第一章 風起暮秋(1 / 2)

瞪著手裏最後兩瓶藥劑,白選摸了摸隱隱作痛的肋骨,擰開瓶蓋把藥一口氣喝光。咂巴著苦進心裏的藥味,她抬頭看了看天色,心說話,今天是沒辦法出城去了。

這裏是黃金大區靠近水晶大區的某個小城市,以白選草木國民兼通緝犯的身份,要想去高等大區,唯一的辦法就是偷偷穿越有駐軍把守的城市防衛線。

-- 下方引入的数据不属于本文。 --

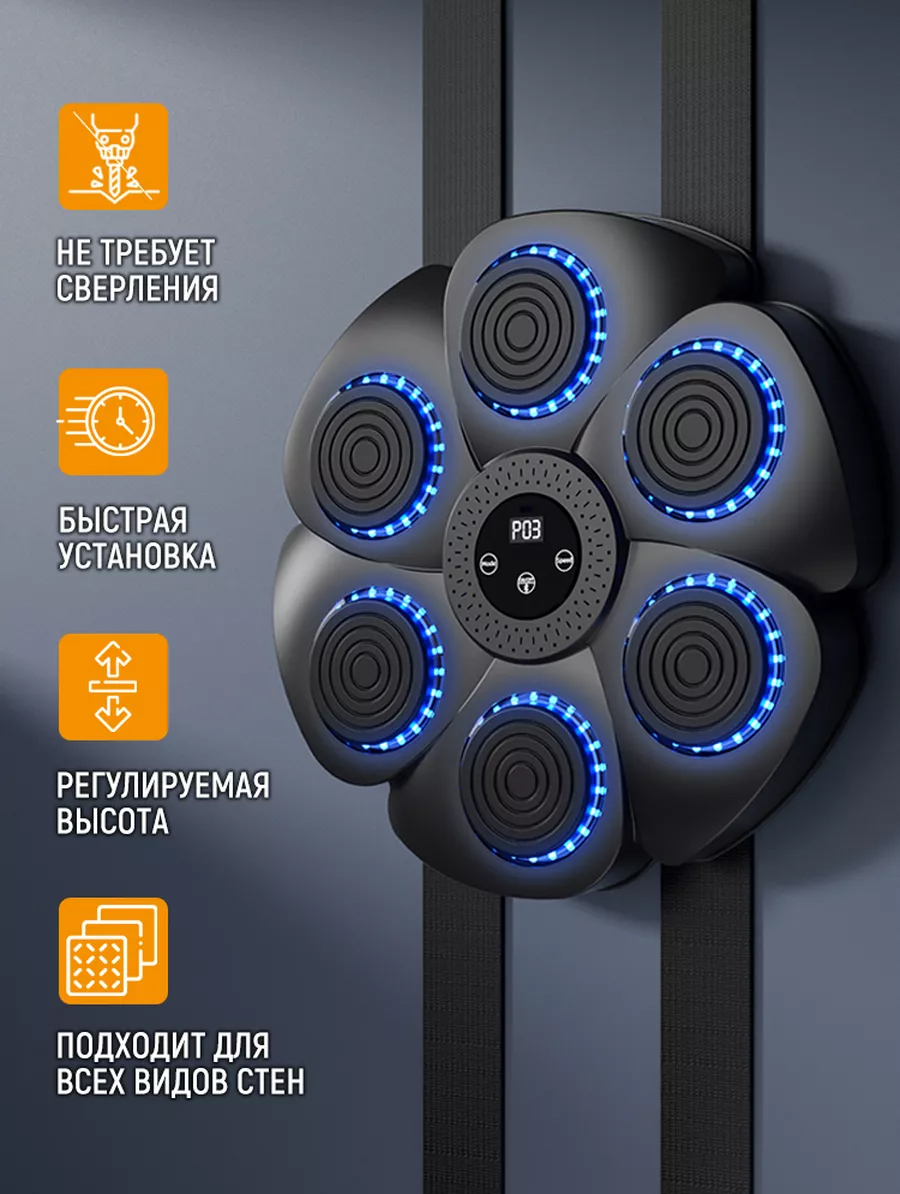 Музыкальный боксерский автомат — это идеальное решение для домашних тренировок, позволяющее сочетать физическую активность с элементом развлечения. Благодаря модернизированному световому кольцу, вы можете наслаждаться захватывающей тренировкой, в которой синхронизированные схемы освещения создают визуально потрясающие впечатления.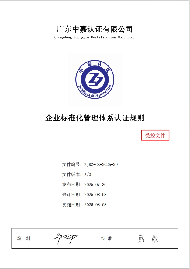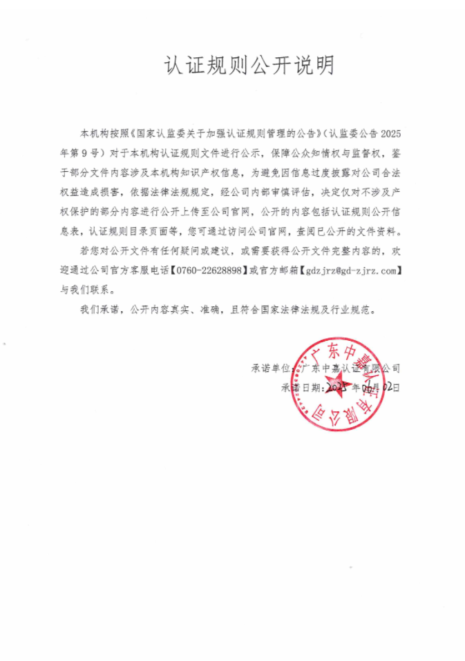 上述认证规则归广东中嘉认证有限公司所有,广东中嘉认证有限公司对其拥有最终解释权。如需获取全文认证规则请与以下联系方式获取:

三個多月前,被蜂擁而來的各式船艇在海裏圍追堵截了整十天,終於在某個夜黑風高的晚上,白選成功登陸。白璧無瑕對這種驚心動魄的生活極感興趣,非要和白選一起繼續享受被追殺的刺激感覺。

可惜,兩個人戲耍般逗著那些鷹犬玩鬧的日子很快就結束。某個又玩得不亦樂乎的大白天,已經升格為鑽石級懸賞通緝犯的白選與白璧無瑕分開引敵之後,在約定會合的地方始終沒能等到他。

如同蔣坤一樣毫無預兆地消失了麼?白選淡淡笑,那又如何?人人都有自己的路要走,沒有人會永遠陪著你。直到人生末途,你會發現隻有你的影子忠誠不二。

前世,她很喜歡一段話,總覺得從詞句中滲出令人靈魂顫抖的孤寒,很適合失戀或者被拋棄之後可憐兮兮地向人哭訴時用。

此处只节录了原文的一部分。